You may have read Aurynn’s piece on contempt culture and programming languages. It’s been doing the rounds. I recommend reading it, and this piece is not an argument with hers. It’s merely a write up of some adjacent thoughts I’ve had on the matter (some of which I’ve discussed with Aurynn on IRC).

To quote from it:

it was du jour in the communities I participated in to be highly critical of other languages. Other languages sucked, the people using them were losers or stupid, if they would just use a real language, such as the one we used, everything would just be better.

Notably there are three (and a half) statements that Aurynn mentions as popular to make:

  • Other languages sucked
  • the people using them were losers or stupid
  • if they would just use a real language, such as the one we used, everything would just be better.

What’s interesting is that these statements absolutely look like one statement in most arguments, but their truth value is different.

Other languages sucked

Yes, this is absolutely true.

Of course, every language is someone else’s other language.

All programming languages fall into one (or both) of two categories: Terrible to use or not yet ready to use. Sure, there are degrees of each, but if you think a language is great, you’re wrong. The best you can hope for is less bad.

PHP and Java, two examples cited in Aurynn’s post, are shitty languages. PHP more than Java (some of the recent Java stuff actually looks quite nice, and I have more sympathy for what  Java is trying to do than I used to), but both have a lot of problems.

The people using them were losers or stupid

For me, I think this is the heart of the problem with the narrative that Aurynn is criticizing: Languages don’t care if you make fun of them, or call them bad languages. Languages don’t have feelings. People do.

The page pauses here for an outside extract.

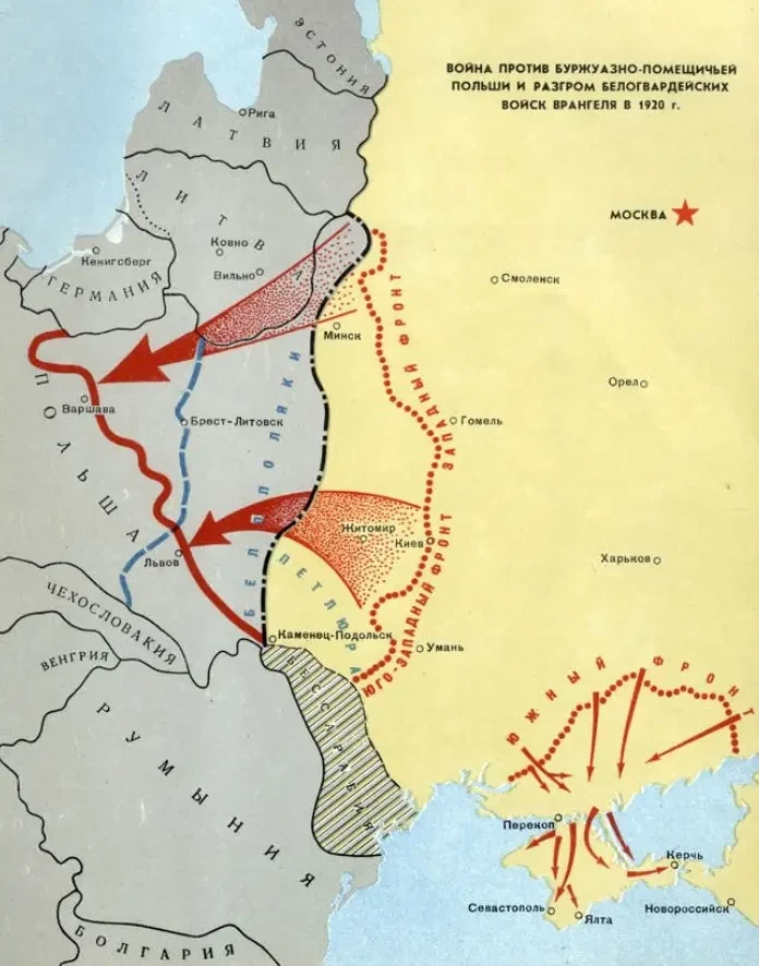 Сразу отмечу, что официально советско-польская война является частью Гражданской войны, длившейся с 1917 по 1922 год. Тем не менее, этот крупный военный конфликт необходимо рассмотреть, так как в его процессе были созданы первые наработки по воздействию на войска и население вражеского государства.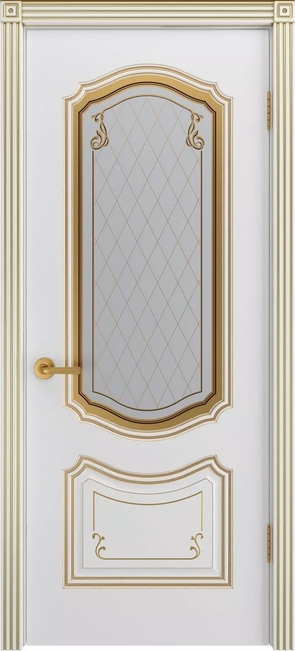 Дверь Соло Грейс В2 ДО имеет каркасно-щитовую конструкцию с фрезерованной поверхностью полотна, имитирующей филенки. Также имеется фигурная фрезеровка на «филенках». Остекление на выбор сатинированное или с фотопечатью. Модель покрыта эмалью.

It’s OK to make fun of Java’s baggage of erased types embedded within the language that it carries over from pre 1.4. It’s better to constructively acknowledge that it’s a problem and talk about other ways that problem could have been solved, but ultimately posting ridiculous programs and saying “lol, Java, you so silly” isn’t really hurting anyone.

But saying “Oh god, why are you using Java? It’s the worst and you should feel bad for that decision” is hurting people. And, in case this is unclear, hurting people is bad.

If they would just use a real language, such as the one we used, everything would just be better

This point is not even wrong. First, it embeds the half statement I mentioned “such as the one we used”, because aside from the fact that all languages are equally “real”, the one you are using is probably terrible too. But even setting that aside: The chance that someone has the option to switch languages is very low.

I am a reasonably senior developer with a reasonably large amount of negotiating clout. I have only once in my career got to choose what programming language I used during my day job (Scala, for a green field project. It didn’t go very well).

The best you can realistically hope for is right of refusal: You can choose not to take a job because of the programming language involved, or to preferentially seek out jobs which involve a particular programming language, but if the jobs aren’t there, or you can’t get them, you’ve no magic ability to just decide to create one where you get to write in your favourite language.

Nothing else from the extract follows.